#### To do:
Copy out exactly the lines beginning with the one that contains "Lot 10. Assorted" and ending at the last line of the listing, skipping any pictures.

··· Available data

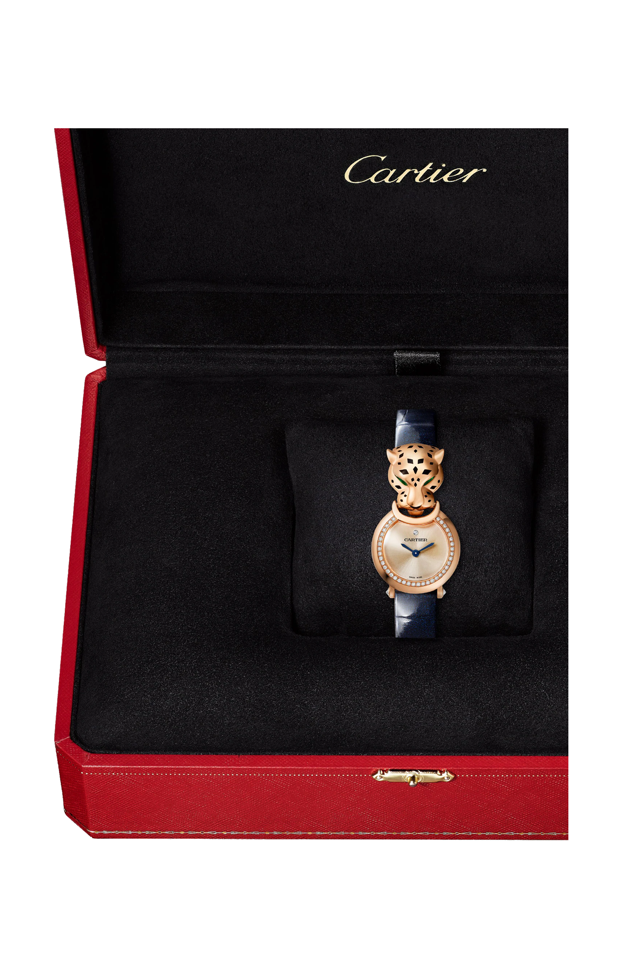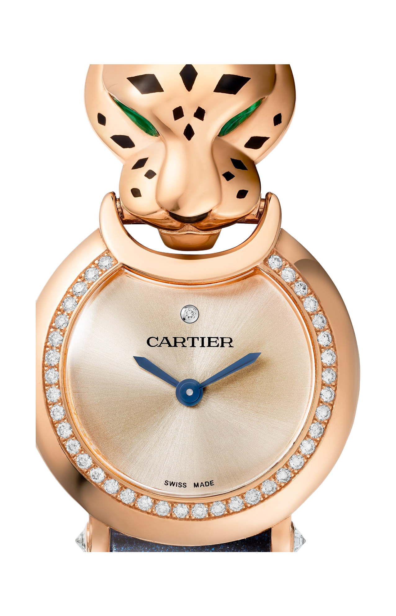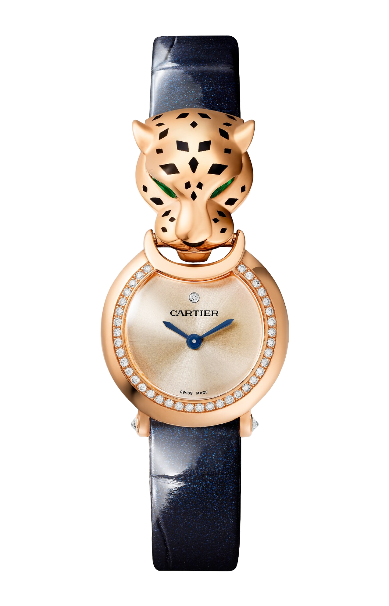 Orologio Panthère de Cartier, movimento al quarzo. Cassa in oro rosa 18 carati (750/1000) incastonata con 40 diamanti taglio brillante per un totale di 0,24 carati, testa di pantera in oro rosa 18 carati (750/1000), occhi in tsavorite taglio a goccia, macchie e naso in lacca nera, quadrante dorato, lancette a forma di gladio in acciaio azzurrato, cinturino in alligatore blu navy lucido, fibbia ad ardiglione in oro rosa 18 carati (750/1000). Diametro cassa: 23,6 mm. Spessore: 7,8 mm. Resistente all'acqua fino a 3 bar (circa 30 metri/100 piedi).
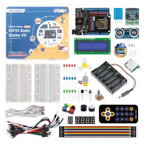 O ACEBOTT Basic Starter Kit for ESP32 QE200 é um kit educativo de eletrônica e programação com 96 itens, desenvolvido para introduzir projetos com ESP32 em diferentes níveis, desde montagens básicas até aplicações de automação e multimídia. O conjunto inclui uma placa ESP32 Development Board Max V1.0, módulos e componentes eletrônicos diversos, além de mais de 40 vídeo-aulas que mostram passo a passo como montar circuitos e programar no Arduino IDE e em Scratch. Os tutoriais abordam desde uso de LEDs e sensores simples até controle de módulos como DHT11 e RGB, permitindo construir projetos de IoT, casa inteligente e experimentos interativos com estruturas em madeira expansíveis.
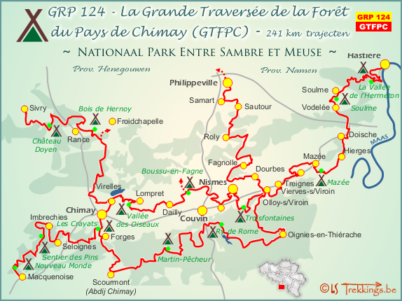 campings als aanvulling op de bivakplekken. Er zijn er te Chimay, Matagne-la-Petite, Vodelée en Olloy-sur-Viroin.
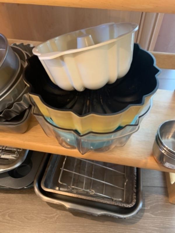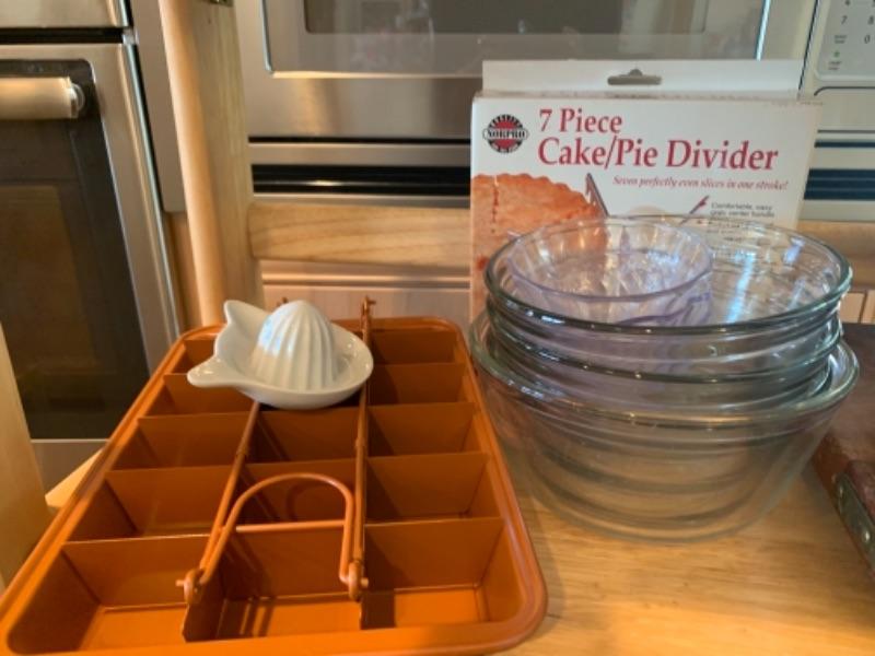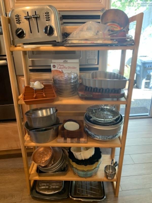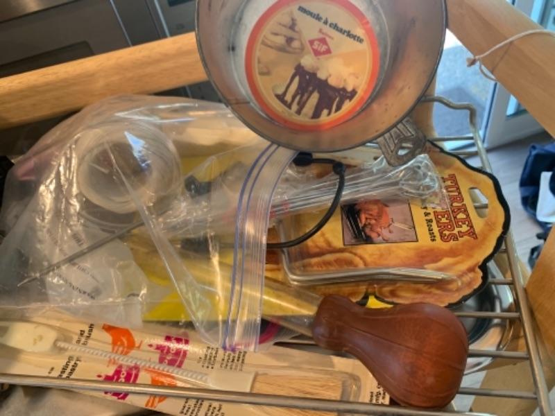 Lot 10. Assorted gourmet bakeware (cake pans, forms, muffin pans, Bundt pans),Cuisinart toaster, turkey prep kit etc.--$75
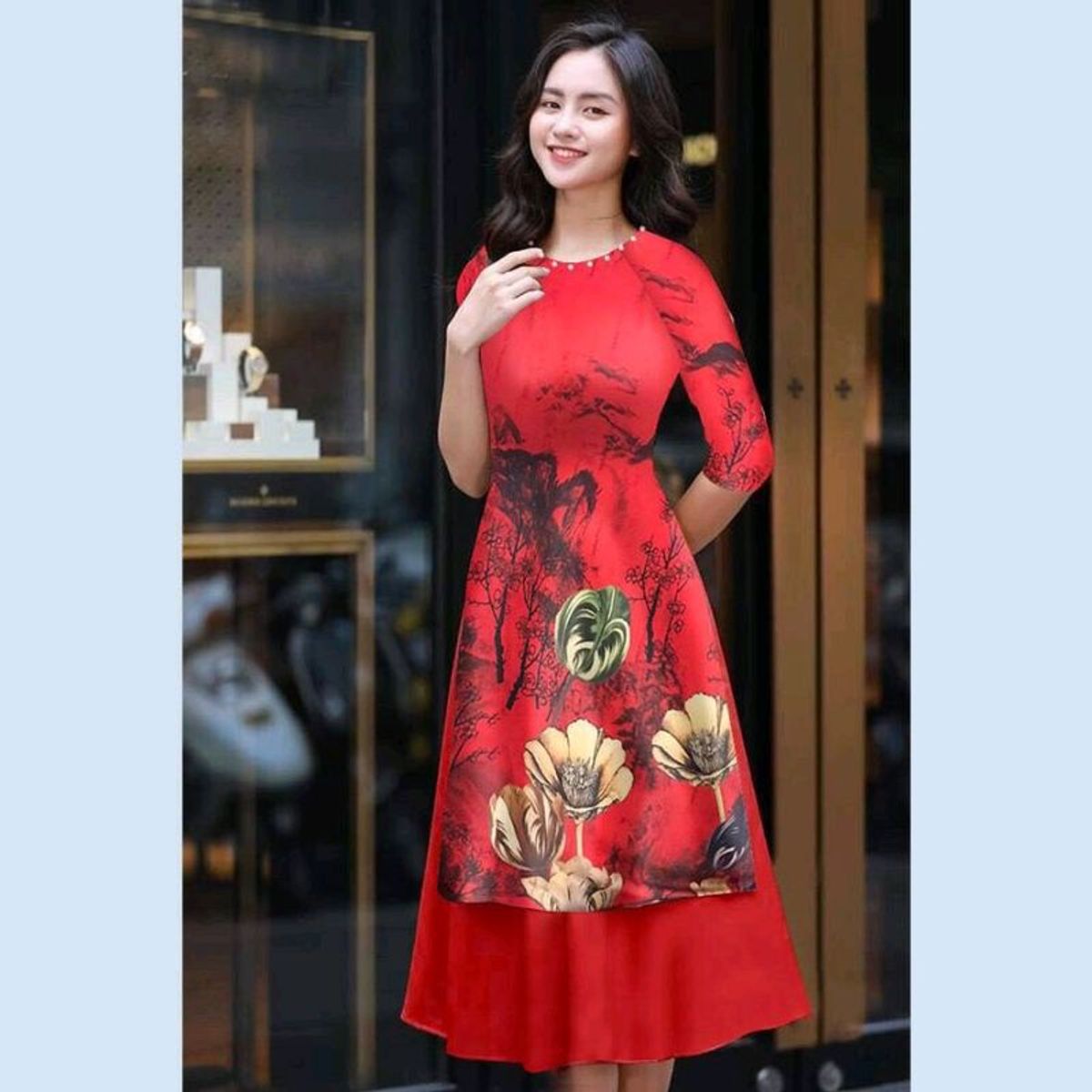 MẪU MỚI hàng như hình có sẵn set áo dài kèm váy đính cổ cườm bao đẹp hàng cao cấp

······

#### Answer to the problem:
 Lot 10. Assorted gourmet bakeware (cake pans, forms, muffin pans, Bundt pans),Cuisinart toaster, turkey prep kit etc.--$75
 MẪU MỚI hàng như hình có sẵn set áo dài kèm váy đính cổ cườm bao đẹp hàng cao cấp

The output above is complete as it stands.